Mobilehome Park Owners Forbidden from Renting Their Own Mobiles?

Das Williams, a member of the California State Assembly, asked Attorney General Kamala D. Harris for an opinion on the following question: “If the management of a mobilehome park has enacted rules and regulations generally prohibiting mobilehome owners from renting their mobilehomes, is park management bound by these same rules and regulations?”  Opinion No. 11-703, available here.

The attorney general’s answer, somewhat surprisingly, is YES.

Why does this matter?  Because mobilehome park owners often have difficulty filling their parks with mobilehome owners.  On occasion, they have resorted to buying mobiles themselves and placing them in vacant park spaces, and then selling or renting them to potential residents.

In recent years, selling mobiles to residents has gotten much more complicated, as the state legislature is deliberating whether to adopt laws prohibiting park owners from financing the sale of park-owned mobiles to residents unless the mobile home park owner/manager is a licensed mortgage loan originator.   (See SB 376 from the 2011-12 legislative session.  It is still showing as “active,” although no hearings are scheduled as of the time of this writing.  The current status of the bill can be seen here.)  Federal laws may already require this, so the state of the law is a bit unclear.

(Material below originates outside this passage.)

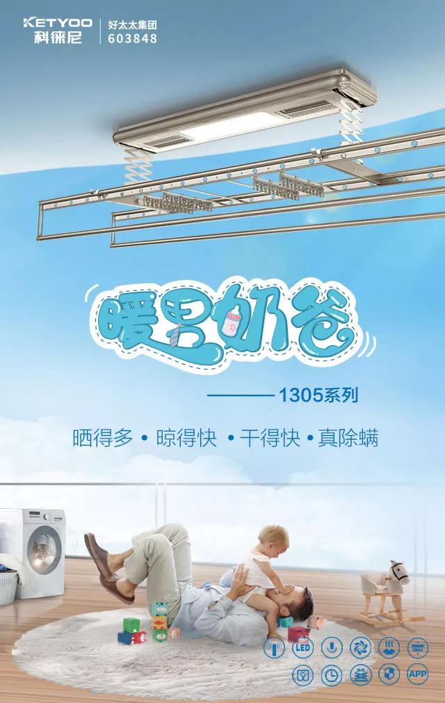 特别为母婴家庭设计,6杆全能晾,专属母婴夹,可晾68件衣物,更有除螨杀菌、快速干衣等功能,满足晾晒的种种需求,不愧是好太太们的专属“暖男”!

Many mobilehome park owners have gone the easier route of purchasing mobiles to fill the vacant spaces and renting out those spaces to residents.  But now, based on the Attorney General’s opinion, park owners are prohibited from doing that if they have a park rule that prohibits tenants from renting their homes to third parties.

Many mobilehome parks have rules in place that prohibit mobilehome owners within the park from renting out or subletting their mobiles to others.  The policy behind the rule is that it is generally very difficult for mobilehome park management to enforce the park rules against those subtenants/sublessees, because there is no privity of contract between the park management and the resident.

However, Civil Code Section 798.23(a) states that the owners of the park and all employees of the park are subject to all of the same rules and regulations.  If the rules state that a mobile home owner cannot lease his or her mobilehome to a third party, then the rules also require that the mobilehome park owners are bound by the same restriction, even though the policy behind the no-subletting rule doesn’t apply when the mobilehome park owner is renting out a park-owned mobilehome.

So far, we have been unable to find any litigation that supports the attorney general’s new opinion, and that opinion is not binding law.  However, mobilehome park owners may want to play it safe by amending their park rules (giving the appropriate notice to the tenants, of course) to allow subleases only if the sublessee signs a contract with park management agreeing to abide by the community rules.